2. for the change of humoral immunity and cellular immunity in mice at different time points of the study in mice immunized with recombinant Bb-Eg95-EgA31 vaccine, recombinant Bb-Eg95-EgA31 vaccine oral or nasal vaccination of BALB/c mice after immunization of 0,2,4,6,8,10,12,14,16,18 and 20W by ELISA assay of serum IgG, IgG1, IgG2a, IgG2b, IgG3 and IgE level and spleen lymphocyte culture the supernatant of IFN- gamma, IL-12, TNF- and IL-10 levels were detected by MTT, spleen lymphocyte proliferation, flow cytometry (FCM) and CD_8~+ T detection of spleen CD_4~+ cell percentage.
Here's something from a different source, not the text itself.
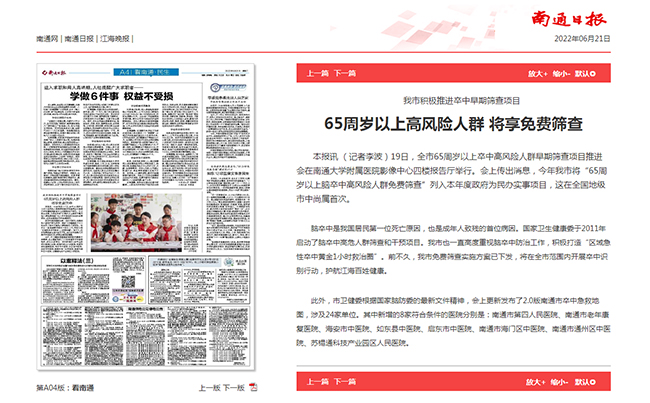 南通日报:65周岁以上高风险人群 将享免费筛查

3. in order to protect the force of the recombinant Bb-Eg95-EgA31 vaccine of Eg protoscoleces attack and immune mechanism of recombinant Bb-Eg95-EgA31 vaccine, the subcutaneous injection, intramuscular injection, intranasal inoculation or oral immunization of BALB/c mice, 8 weeks after immunization with 50 Eg protoscoleces by intraperitoneal injection attacks, the empty plasmid, Bb or MRS as control, 25 weeks after the mice were killed, the separation of the hydatid cysts of Echinococcus granulosus and weighing, calculation of the cyst weight reduction rate, serum IgG, ELISA IgG1, IgG2a, IgG2b, IgG3 and IgE level and spleen lymphocyte culture supernatant of IFN- gamma, IL-12, TNF- and IL-10 levels were detected by MTT, spleen lymphocyte proliferation, spleen CD_4~+ and FCM detection CD_8~+ T cell percentage Annexin V-FITC staining incidence rate of detection of apoptosis of spleen cells.
Result
1. agarose gel electrophoresis confirmed that Eg95 (471bp), EgA31 (500bp) antigen encoding gene and Eg95-EgA31 fusion gene (1016bp) amplification; double enzyme digestion confirmed that the recombinant plasmid pGEX- Eg95-EgA31 was constructed successfully; PCR confirmed that the recombinant Bb-Eg95-EgA31 vaccine was successfully constructed; SDS-PAGE confirmed that the recombinant plasmid pGEX-Eg95-EgA31 in Escherichia coli BL21 (DE3) by recombinant Eg95-EgA31 IPTG after induction of expression of molecular weight is about 62.5KDa fusion protein induced by IPTG 3 ~ 5h recombinant protein expression was the highest, 18% of the total bacterial protein, Western blot confirmed that the fusion protein had specific antigenicity.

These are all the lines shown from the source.